## Exercise
Restate the full listing word for word and leave the pictures out.

## Dataset content
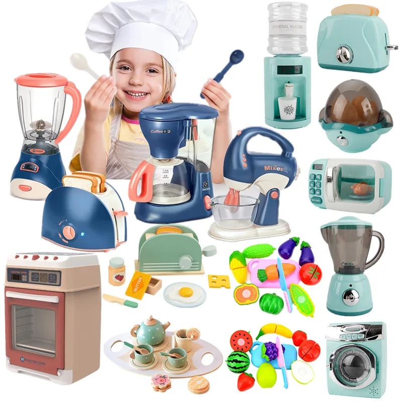 Kids Pretend Play Toy Kitchen Home Appliances Playset Juicer Mixer Vacuum Toaster Set Household Educational Toys for Child Gifts
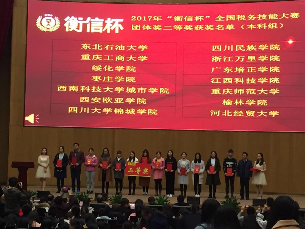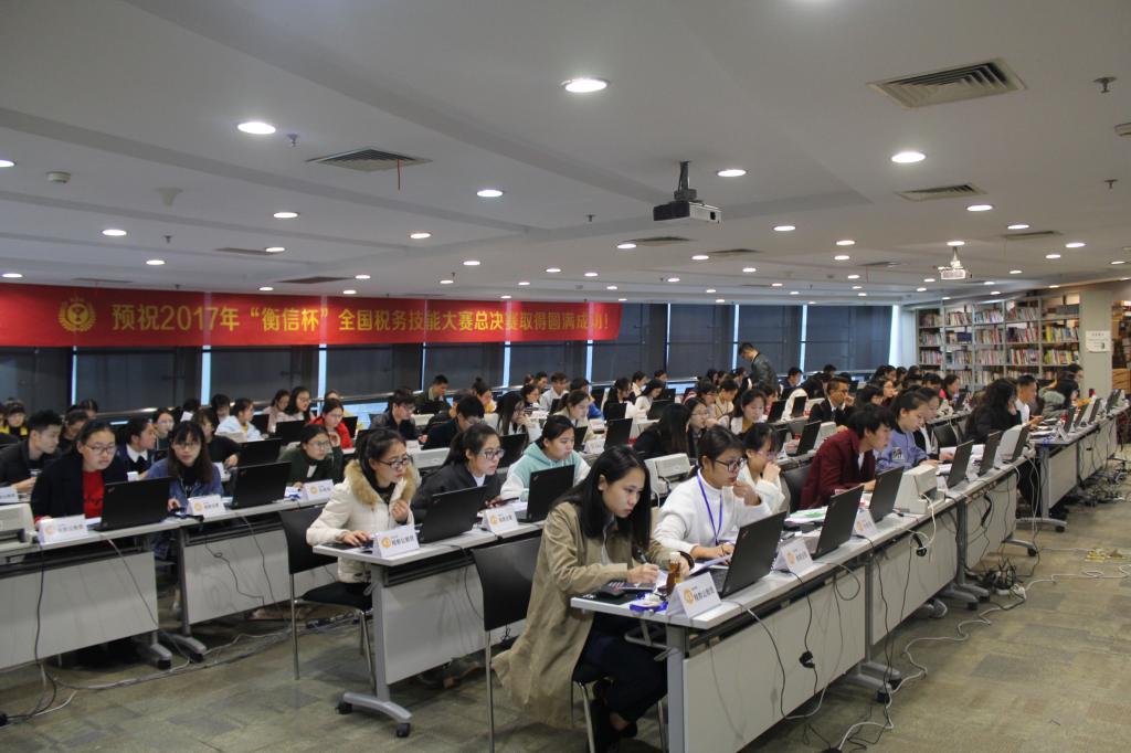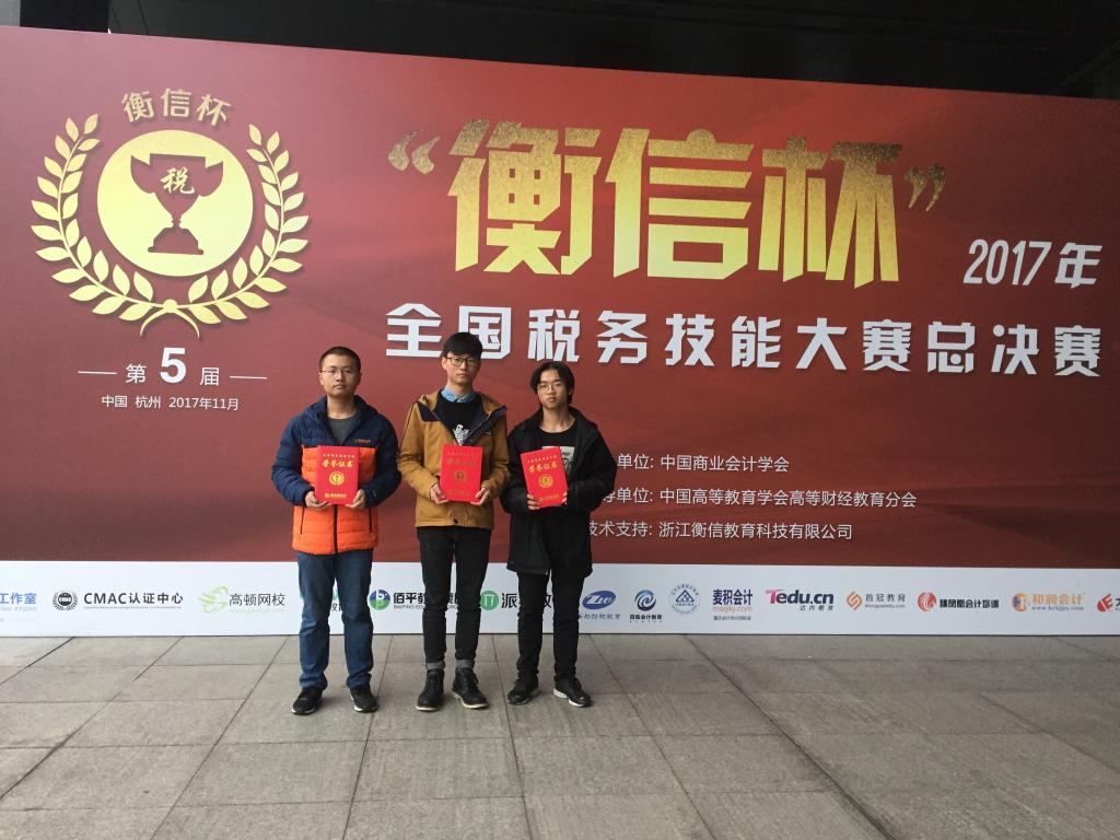 2017年11月28日下午,财金学院学生李东东、李大为、冉健宏代表beat365官网前往杭州参加2017年“衡信杯”全国税务技能大赛总决赛。
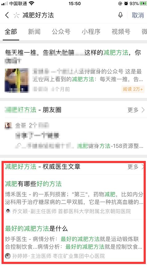再举个例子,比如我们在微信搜索【减肥好方法】
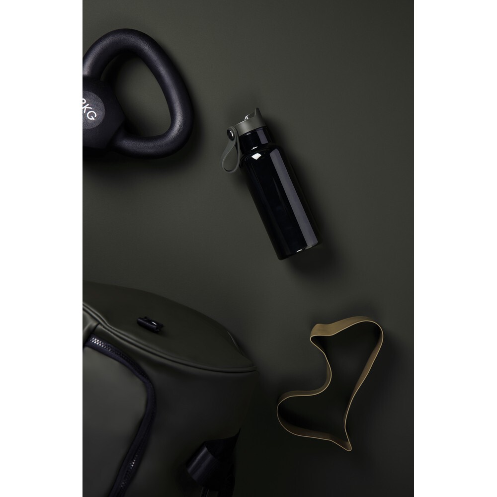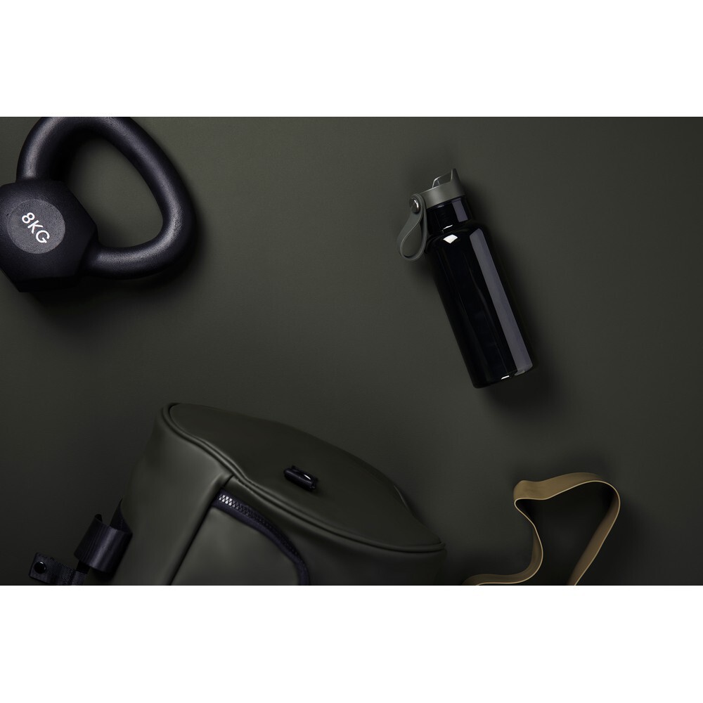 Butelka sportowa 600 ml, wykonana z RPET, całkowita zawartość materiałów z recyklingu obliczona na podstawie wagi całkowitej przedmiotu: 63%, nadaje się wyłącznie do zimnych napojów, zalecane mycie ręczne, w pudełku z papieru kraftowego z certyfikatem FSC®

## Result of the exercise
 Kids Pretend Play Toy Kitchen Home Appliances Playset Juicer Mixer Vacuum Toaster Set Household Educational Toys for Child Gifts
 2017年11月28日下午,财金学院学生李东东、李大为、冉健宏代表beat365官网前往杭州参加2017年“衡信杯”全国税务技能大赛总决赛。
再举个例子,比如我们在微信搜索【减肥好方法】
 Butelka sportowa 600 ml, wykonana z RPET, całkowita zawartość materiałów z recyklingu obliczona na podstawie wagi całkowitej przedmiotu: 63%, nadaje się wyłącznie do zimnych napojów, zalecane mycie ręczne, w pudełku z papieru kraftowego z certyfikatem FSC®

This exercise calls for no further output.